For four years, with Mr. Copti working as a waiter and Mr. Shani as an assistant to the respected Israeli film director Eran Riklis (“Lemon Tree,” “The Syrian Bride”), the two, both still unmarried (each has since married, and Mr. Shani has a child), would meet at each other’s places and develop story ideas and ultimately a script.

Then they solicited the actors. Mr. Copti, whose mother is a social worker and school founder in Jaffa, used his connections to find the people and settings. Posters were put up around the neighborhood, and clubs and social centers were canvassed. Mr. Shani did the same in search for those who would play a Jewish policeman and his family.

From hundreds of volunteers, the pair chose their cast and began the workshops.

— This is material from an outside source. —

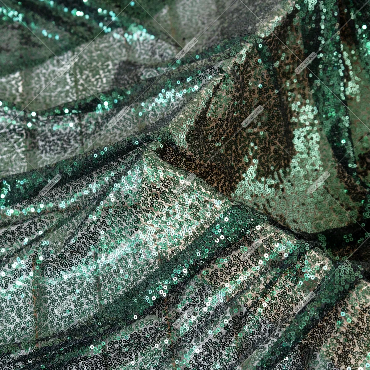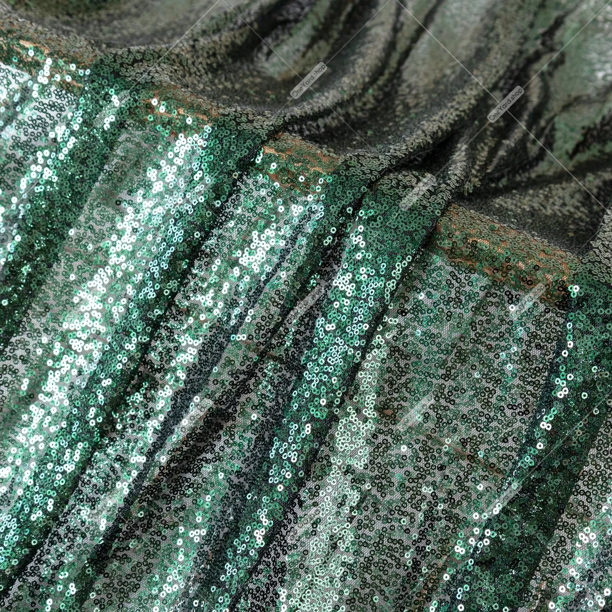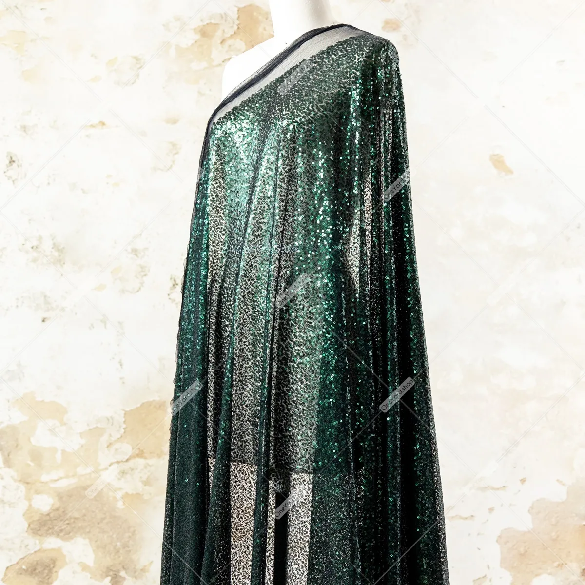 A captivating blend of drama and sparkle, this dark green sequin meticulously stitched onto a sheer black mesh fabric is perfect for creating show-stopping garments and accessories. The deep, rich dark green sequins offer a luxurious and sophisticated feel, while the black mesh provides a striking contrast and adds depth.

“One of our tasks was to liberate them from the tendency to perform in front of a camera, so that they could become themselves,” Mr. Copti said, speaking at a favorite bookstore-cafe at the edge of Ajami.

Money was a nagging concern; the pair found little interest among investors for their experiment. In the end some money came from Germany, some from France and the rest from the Israeli Film Foundation.

They shot for just over three weeks, and all the locations were lent by locals, notably the restaurant where Mr. Copti had been working as a waiter. Hundreds of others in the neighborhood also lent a hand or a car or made meals for the cast and crew.

When the picture opened at the Jerusalem Film Festival last summer, after some seven years in preparation, it was widely hailed as a production of rare texture and truth. And last September, it took all the major awards (best picture, directing, screenplay, editing) in the Ophirs, Israel’s version of the Oscars.

In a way it was the ambition of two unknowns that was most impressive — a narrative with Faulknerian perspective shifts, a compelling cast of amateurs and a story whose loves are indistinguishable from its tragedies. It is a film that brings Middle East peace no closer but explains why it is so far away.